EXERCISE DETAILS → Reproduce all the data exactly, without pictures.

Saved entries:
◆ ◆ ◆

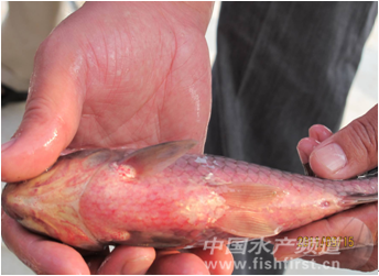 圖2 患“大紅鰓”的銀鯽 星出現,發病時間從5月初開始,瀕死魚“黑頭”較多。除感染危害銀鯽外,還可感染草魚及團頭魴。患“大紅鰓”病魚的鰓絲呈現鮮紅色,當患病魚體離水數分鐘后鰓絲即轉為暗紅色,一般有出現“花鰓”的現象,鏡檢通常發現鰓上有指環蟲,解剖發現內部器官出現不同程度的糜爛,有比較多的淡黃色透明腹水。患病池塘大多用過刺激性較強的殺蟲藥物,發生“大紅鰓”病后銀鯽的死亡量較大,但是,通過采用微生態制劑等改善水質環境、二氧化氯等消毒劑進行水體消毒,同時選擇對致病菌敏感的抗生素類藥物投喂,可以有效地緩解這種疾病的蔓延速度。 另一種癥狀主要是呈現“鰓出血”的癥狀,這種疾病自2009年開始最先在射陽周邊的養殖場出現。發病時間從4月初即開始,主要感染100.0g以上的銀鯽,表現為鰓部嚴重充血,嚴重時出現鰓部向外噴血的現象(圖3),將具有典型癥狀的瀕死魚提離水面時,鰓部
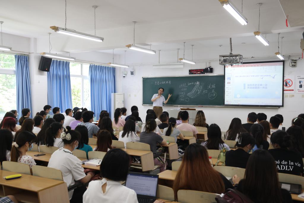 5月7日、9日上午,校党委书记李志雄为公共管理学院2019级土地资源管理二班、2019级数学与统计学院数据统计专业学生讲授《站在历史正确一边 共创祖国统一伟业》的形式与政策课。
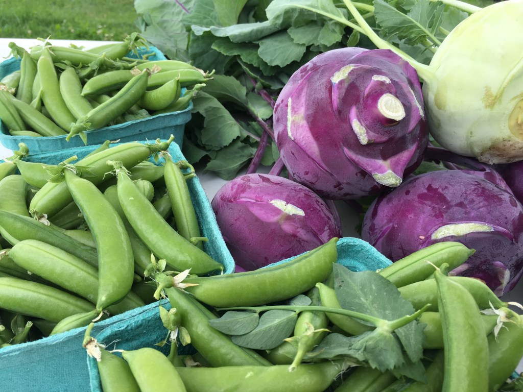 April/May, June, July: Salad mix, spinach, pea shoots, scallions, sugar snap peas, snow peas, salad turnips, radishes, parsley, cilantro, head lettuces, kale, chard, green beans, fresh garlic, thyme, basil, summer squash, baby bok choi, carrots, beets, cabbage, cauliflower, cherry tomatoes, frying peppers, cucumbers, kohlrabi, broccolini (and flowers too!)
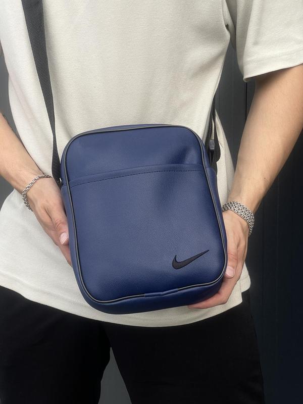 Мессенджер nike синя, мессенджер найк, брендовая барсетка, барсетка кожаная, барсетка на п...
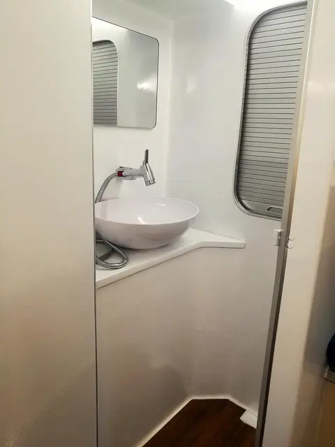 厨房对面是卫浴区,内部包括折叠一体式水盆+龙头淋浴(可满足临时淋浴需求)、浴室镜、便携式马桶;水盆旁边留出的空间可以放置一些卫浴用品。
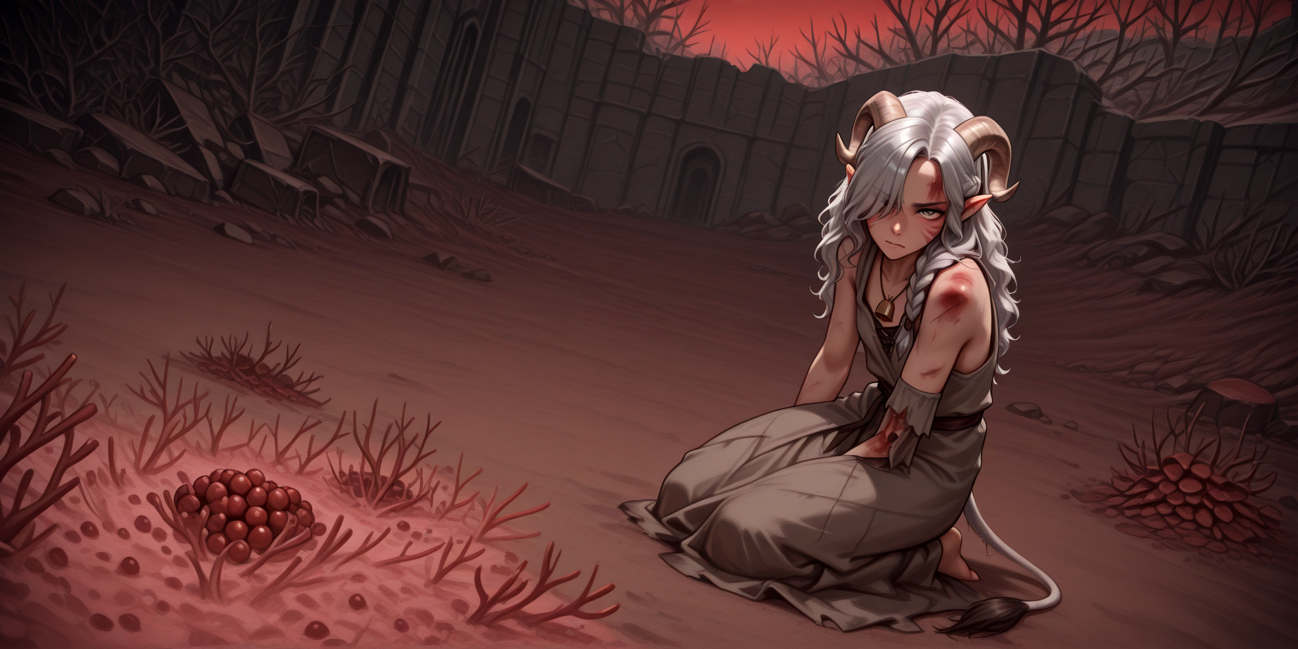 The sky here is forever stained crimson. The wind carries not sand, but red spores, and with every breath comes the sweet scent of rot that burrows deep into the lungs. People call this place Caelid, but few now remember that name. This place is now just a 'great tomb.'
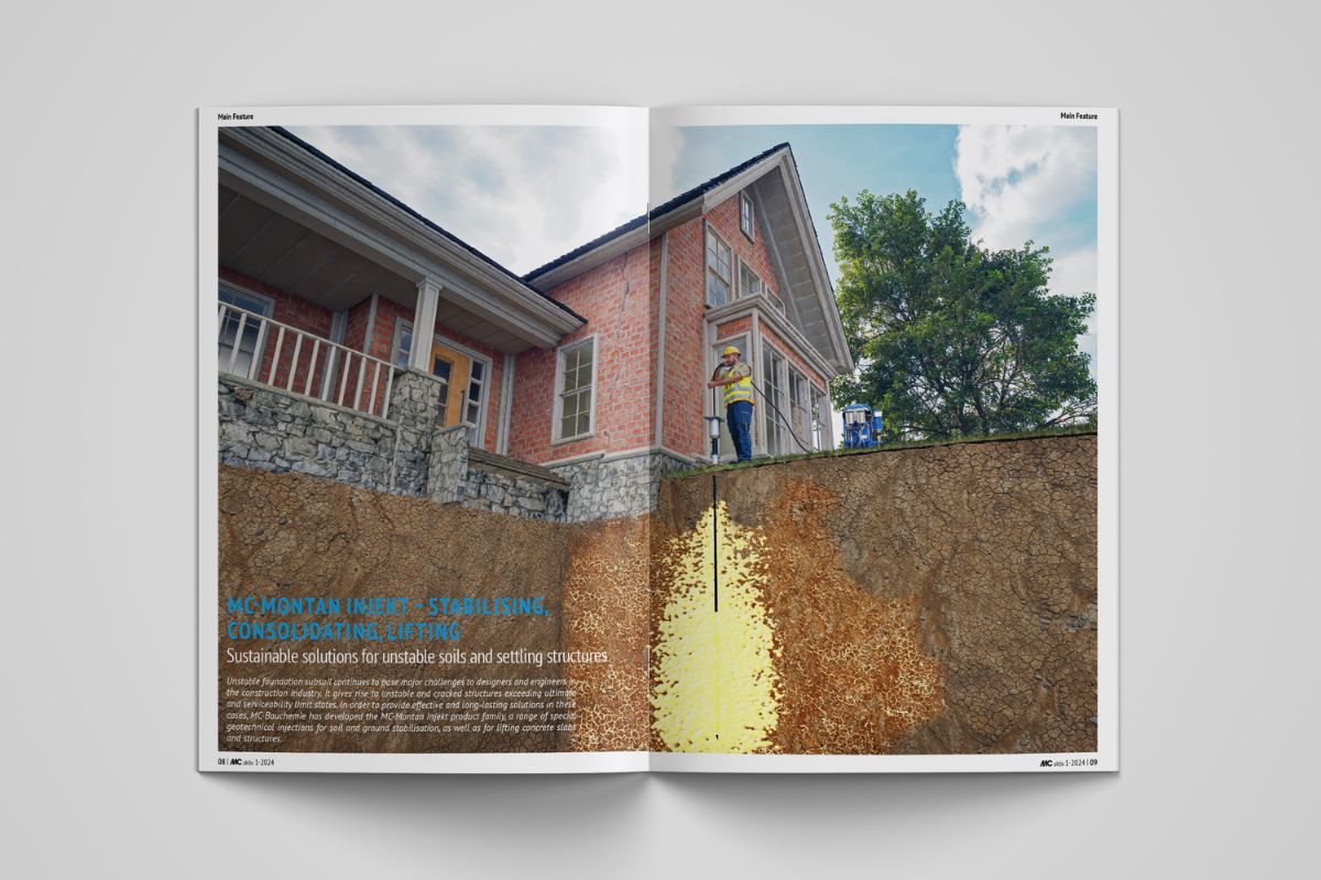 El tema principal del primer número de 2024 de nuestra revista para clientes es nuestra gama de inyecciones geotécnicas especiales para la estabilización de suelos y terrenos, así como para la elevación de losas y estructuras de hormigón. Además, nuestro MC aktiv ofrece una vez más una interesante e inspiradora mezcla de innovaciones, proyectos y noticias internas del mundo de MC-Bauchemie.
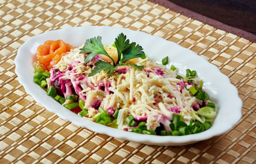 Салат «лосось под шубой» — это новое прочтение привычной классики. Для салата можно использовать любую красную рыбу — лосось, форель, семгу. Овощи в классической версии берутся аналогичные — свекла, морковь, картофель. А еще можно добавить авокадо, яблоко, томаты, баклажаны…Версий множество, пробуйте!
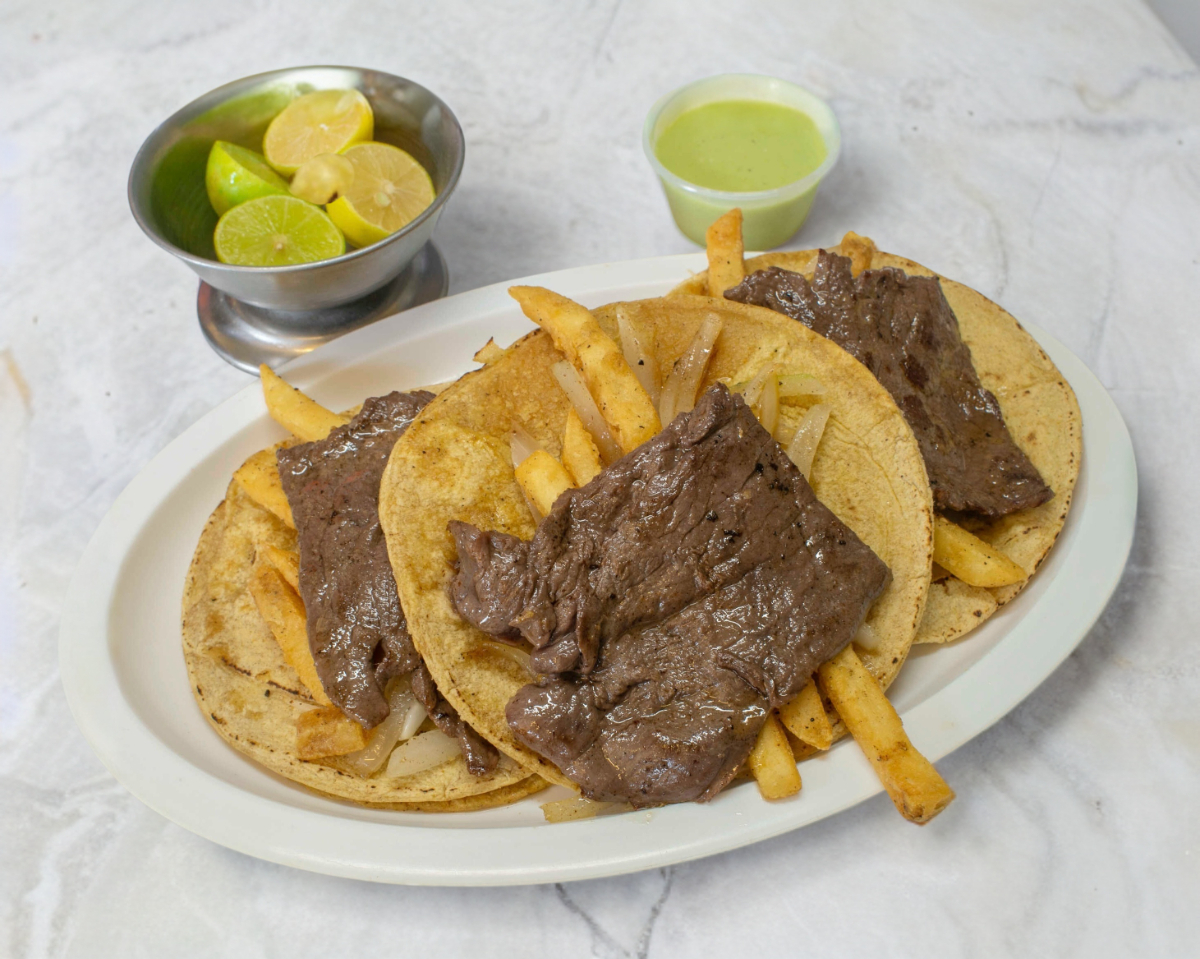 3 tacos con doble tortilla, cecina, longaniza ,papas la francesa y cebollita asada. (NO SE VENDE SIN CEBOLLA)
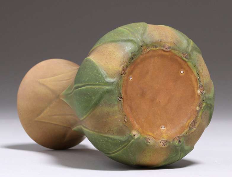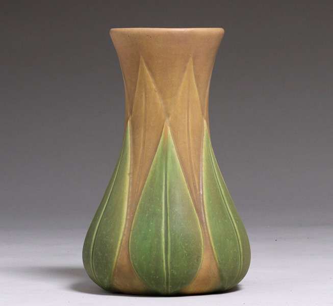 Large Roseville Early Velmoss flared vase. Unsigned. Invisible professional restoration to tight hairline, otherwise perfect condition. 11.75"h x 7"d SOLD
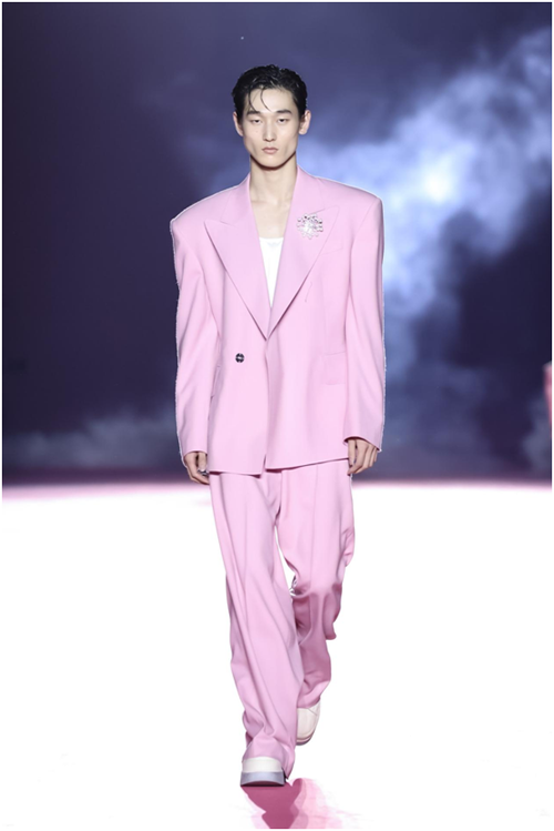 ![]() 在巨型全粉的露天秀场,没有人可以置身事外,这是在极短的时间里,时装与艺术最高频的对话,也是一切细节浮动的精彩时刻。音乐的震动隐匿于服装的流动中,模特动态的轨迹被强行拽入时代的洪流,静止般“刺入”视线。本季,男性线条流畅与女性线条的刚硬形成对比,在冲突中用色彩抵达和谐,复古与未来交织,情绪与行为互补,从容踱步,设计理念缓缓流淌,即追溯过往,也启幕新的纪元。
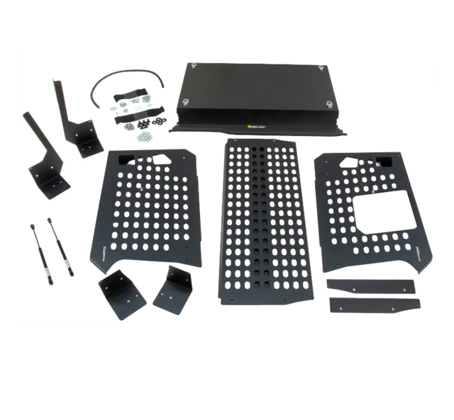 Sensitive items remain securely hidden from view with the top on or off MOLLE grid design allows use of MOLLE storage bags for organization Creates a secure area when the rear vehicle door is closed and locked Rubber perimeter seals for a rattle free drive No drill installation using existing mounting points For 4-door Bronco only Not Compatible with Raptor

◆ ◆ ◆

ANSWER →
 圖2 患“大紅鰓”的銀鯽 星出現,發病時間從5月初開始,瀕死魚“黑頭”較多。除感染危害銀鯽外,還可感染草魚及團頭魴。患“大紅鰓”病魚的鰓絲呈現鮮紅色,當患病魚體離水數分鐘后鰓絲即轉為暗紅色,一般有出現“花鰓”的現象,鏡檢通常發現鰓上有指環蟲,解剖發現內部器官出現不同程度的糜爛,有比較多的淡黃色透明腹水。患病池塘大多用過刺激性較強的殺蟲藥物,發生“大紅鰓”病后銀鯽的死亡量較大,但是,通過采用微生態制劑等改善水質環境、二氧化氯等消毒劑進行水體消毒,同時選擇對致病菌敏感的抗生素類藥物投喂,可以有效地緩解這種疾病的蔓延速度。 另一種癥狀主要是呈現“鰓出血”的癥狀,這種疾病自2009年開始最先在射陽周邊的養殖場出現。發病時間從4月初即開始,主要感染100.0g以上的銀鯽,表現為鰓部嚴重充血,嚴重時出現鰓部向外噴血的現象(圖3),將具有典型癥狀的瀕死魚提離水面時,鰓部
 5月7日、9日上午,校党委书记李志雄为公共管理学院2019级土地资源管理二班、2019级数学与统计学院数据统计专业学生讲授《站在历史正确一边 共创祖国统一伟业》的形式与政策课。
 April/May, June, July: Salad mix, spinach, pea shoots, scallions, sugar snap peas, snow peas, salad turnips, radishes, parsley, cilantro, head lettuces, kale, chard, green beans, fresh garlic, thyme, basil, summer squash, baby bok choi, carrots, beets, cabbage, cauliflower, cherry tomatoes, frying peppers, cucumbers, kohlrabi, broccolini (and flowers too!)
 Мессенджер nike синя, мессенджер найк, брендовая барсетка, барсетка кожаная, барсетка на п...
 厨房对面是卫浴区,内部包括折叠一体式水盆+龙头淋浴(可满足临时淋浴需求)、浴室镜、便携式马桶;水盆旁边留出的空间可以放置一些卫浴用品。
 The sky here is forever stained crimson. The wind carries not sand, but red spores, and with every breath comes the sweet scent of rot that burrows deep into the lungs. People call this place Caelid, but few now remember that name. This place is now just a 'great tomb.'
 El tema principal del primer número de 2024 de nuestra revista para clientes es nuestra gama de inyecciones geotécnicas especiales para la estabilización de suelos y terrenos, así como para la elevación de losas y estructuras de hormigón. Además, nuestro MC aktiv ofrece una vez más una interesante e inspiradora mezcla de innovaciones, proyectos y noticias internas del mundo de MC-Bauchemie.
 Салат «лосось под шубой» — это новое прочтение привычной классики. Для салата можно использовать любую красную рыбу — лосось, форель, семгу. Овощи в классической версии берутся аналогичные — свекла, морковь, картофель. А еще можно добавить авокадо, яблоко, томаты, баклажаны…Версий множество, пробуйте!
 3 tacos con doble tortilla, cecina, longaniza ,papas la francesa y cebollita asada. (NO SE VENDE SIN CEBOLLA)
 Large Roseville Early Velmoss flared vase. Unsigned. Invisible professional restoration to tight hairline, otherwise perfect condition. 11.75"h x 7"d SOLD
 ![]() 在巨型全粉的露天秀场,没有人可以置身事外,这是在极短的时间里,时装与艺术最高频的对话,也是一切细节浮动的精彩时刻。音乐的震动隐匿于服装的流动中,模特动态的轨迹被强行拽入时代的洪流,静止般“刺入”视线。本季,男性线条流畅与女性线条的刚硬形成对比,在冲突中用色彩抵达和谐,复古与未来交织,情绪与行为互补,从容踱步,设计理念缓缓流淌,即追溯过往,也启幕新的纪元。
 Sensitive items remain securely hidden from view with the top on or off MOLLE grid design allows use of MOLLE storage bags for organization Creates a secure area when the rear vehicle door is closed and locked Rubber perimeter seals for a rattle free drive No drill installation using existing mounting points For 4-door Bronco only Not Compatible with Raptor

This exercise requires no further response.